# Bolens Riding Mower Help



## Fister029 (Jun 19, 2012)

I have a Bolens rider, model 13AN683G163

The mower was purchased for 200 thinking I had a steal but instead got money pit. Either way I'm determined to keep it going. 

My latest and greatest issue is that the mower seems to have no power when on an un even surface. It will pull part of the way up a small incline (not a hill), just a minor incline in the yard and then just stops. No matter what gear it's in 1-8 it does it. I have thought about replacing the belts but figure I should seek some advice first. The spark plug is new as is the fuel filter so that shouldn't be an issue. Any help?


----------



## 30yearTech (Sep 14, 2006)

Check the drive belts, pulleys and tension springs.

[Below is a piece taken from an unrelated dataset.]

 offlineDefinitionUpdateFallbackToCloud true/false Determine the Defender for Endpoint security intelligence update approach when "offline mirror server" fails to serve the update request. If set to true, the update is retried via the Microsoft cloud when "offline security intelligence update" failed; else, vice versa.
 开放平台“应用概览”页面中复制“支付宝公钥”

A broken tension spring can cause the drive to slip.


----------



## xxrachelxx (Jan 12, 2012)

*hmmm*

yes i am a girl but i have been a small engine mechanic since i was 12. this sounds more like a carb issue to me. like its not revving high enough so it could be a governor issue to me...


----------



## 30yearTech (Sep 14, 2006)

xxrachelxx said:


> yes i am a girl but i have been a small engine mechanic since i was 12. this sounds more like a carb issue to me. like its not revving high enough so it could be a governor issue to me...

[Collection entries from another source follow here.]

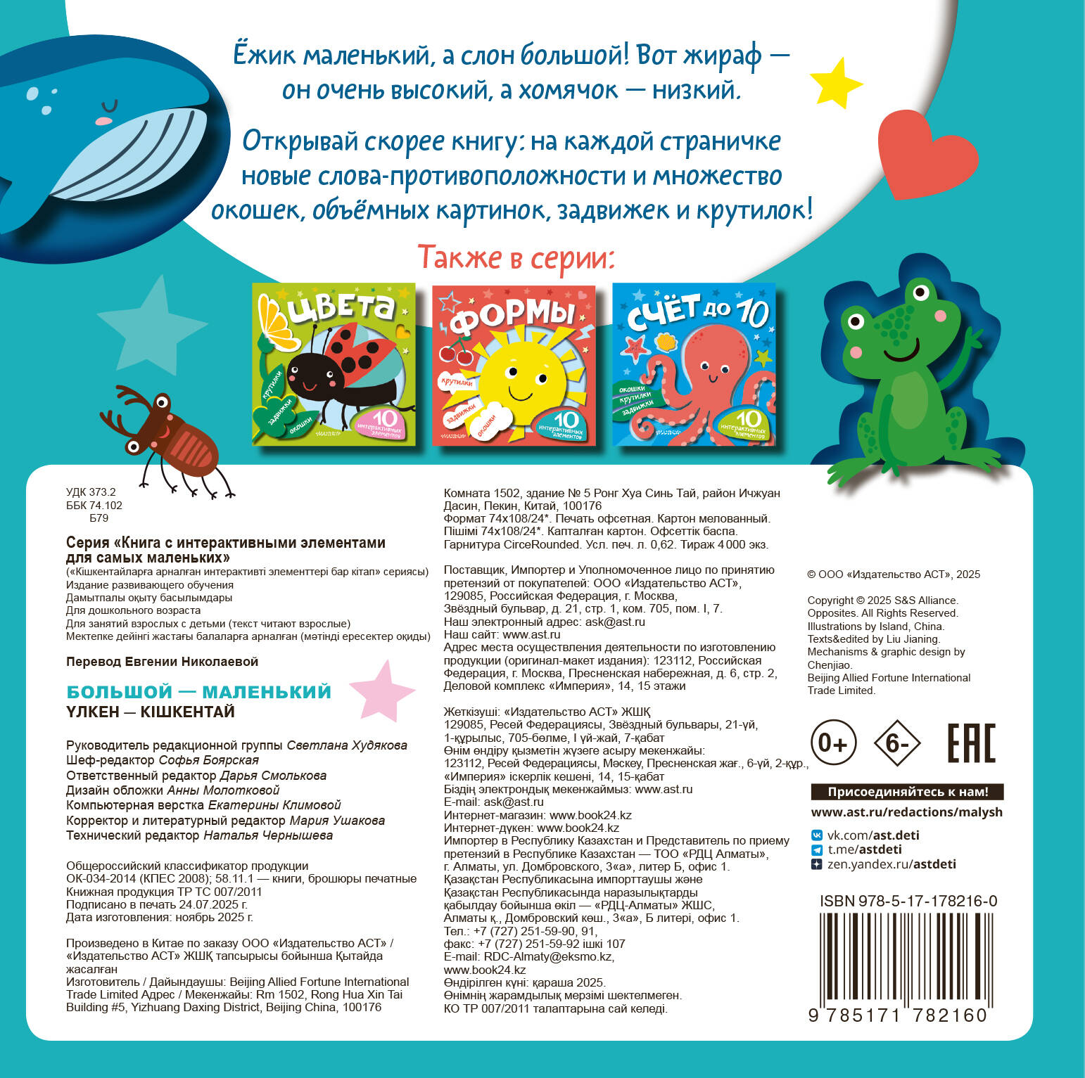 Перед вами удивительная книга с множеством интерактивных элементов: крутилки, задвижки и окошки. Понимать, что же такое противоположности, станет весело и интересно!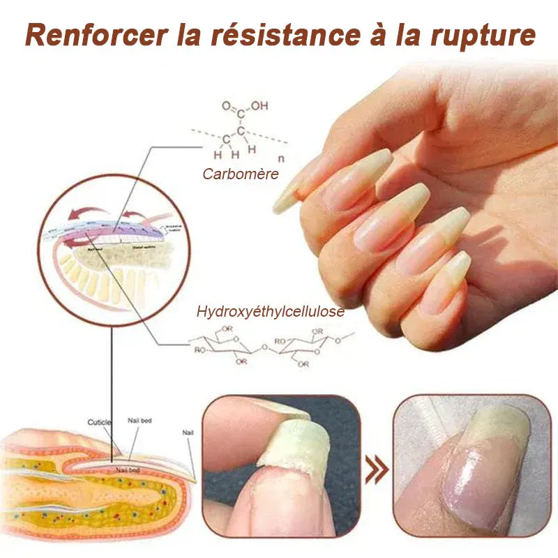 - Ce sérum de croissance des ongles est formulé pour aider à reconstituer vos ongles naturels. Cette huile peut aider à hydrater, faire pousser, renforcer et éclaircir vos ongles. Il est riche en ingrédients respectueux des ongles et en vitamines qui favorisent la santé globale des ongles. Ingrédients clés L’hydroxyéthylcellulose et le carbomère aident à augmenter la résistance à la rupture pour des ongles plus épais et plus forts. Cela protège les ongles des dommages et des cassures, leur permettant de pousser plus longtemps et plus fort sans devenir cassants ou faibles.
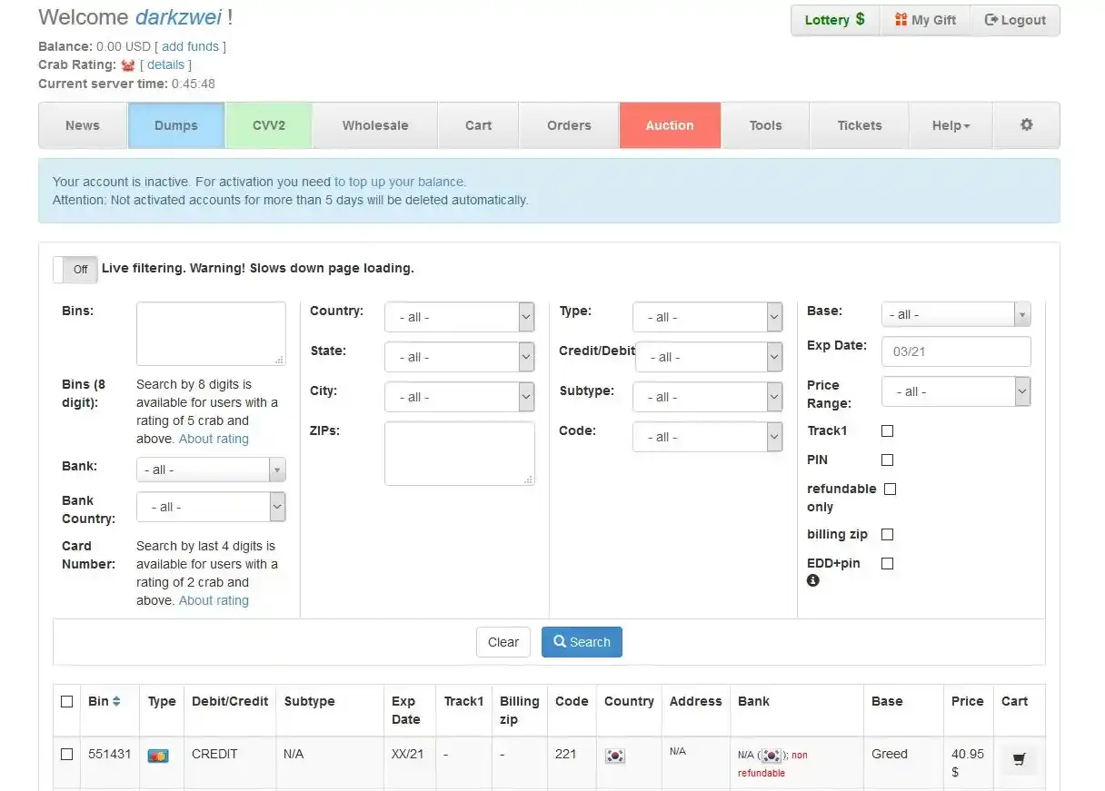 As with most carding shops, you need to register an account before you can access the market. But that is a one-step process and no additional information is needed, although you should provide a jabber account if you want to be able to reset your password at a later point. After you are registered your account will still be inactive until you deposit an initial balance. Note that inactive accounts will be automatically deleted after 5 days so make sure to deposit some money in time.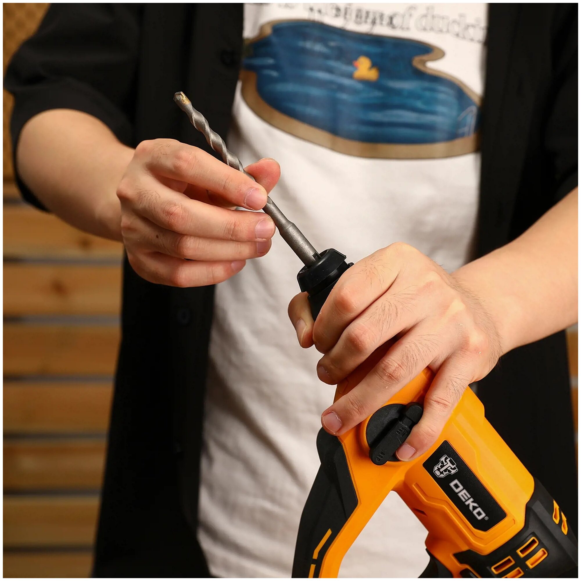 Перфоратор DEKO DKH1100W, 1100 Вт, 5300 уд/мин, 3.5 Дж, 5 буров SDS+ и дополнительный патрон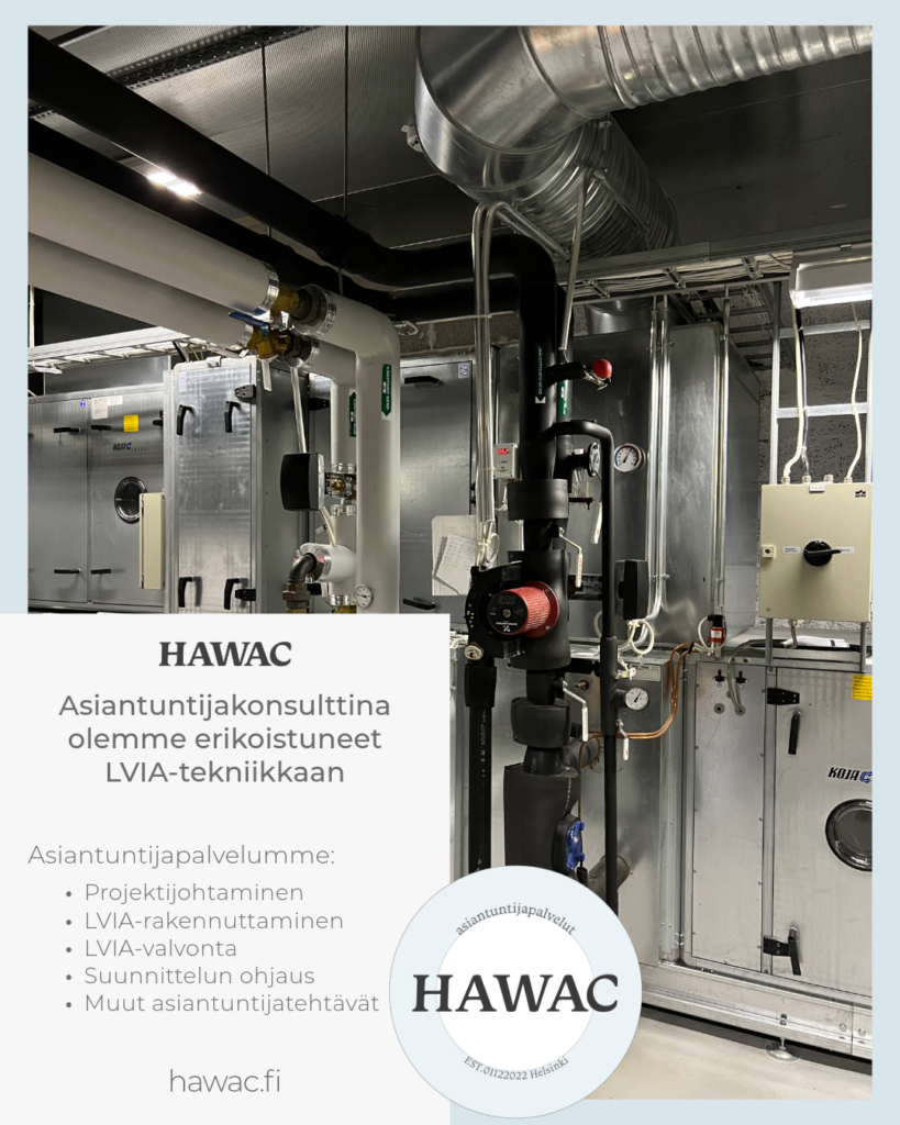 Konsulttina olemme LVIA-tekniikan asiantuntija HAWAC on LVIA-tekniikan asiantuntija, jonka tavoitteena on tarjota tilaajan tarvetta vastaava asiantuntemus ja osaaminen osaksi rakennushankkeitanne. Asiakkaamme etsivät ensisijaisesti luotettavaa ja asiantuntevaa...

Hi Rachel and welcome to Hobby Talk!

Unless the engine quits, then it's not a carburetor or governor issue, and since the op indicated that it did not matter what gear (speed) the lever was in. I take this to mean that mower quits moving, an issue with the drive. This unit actually only has a single speed transmission, the belt drive utilizes a variable speed pulley setup that changes ground speed. Proper tension on the drive belts is very important for this setup to work properly.


----------



## Rentahusband (Aug 25, 2008)

Welcome XXRachelXX!!


----------



## xxrachelxx (Jan 12, 2012)

*lol*

lol i thought he ment the mower just died. im sorry i misunderstood


----------



## Rentahusband (Aug 25, 2008)

Agree, sounds like a belt issue.


----------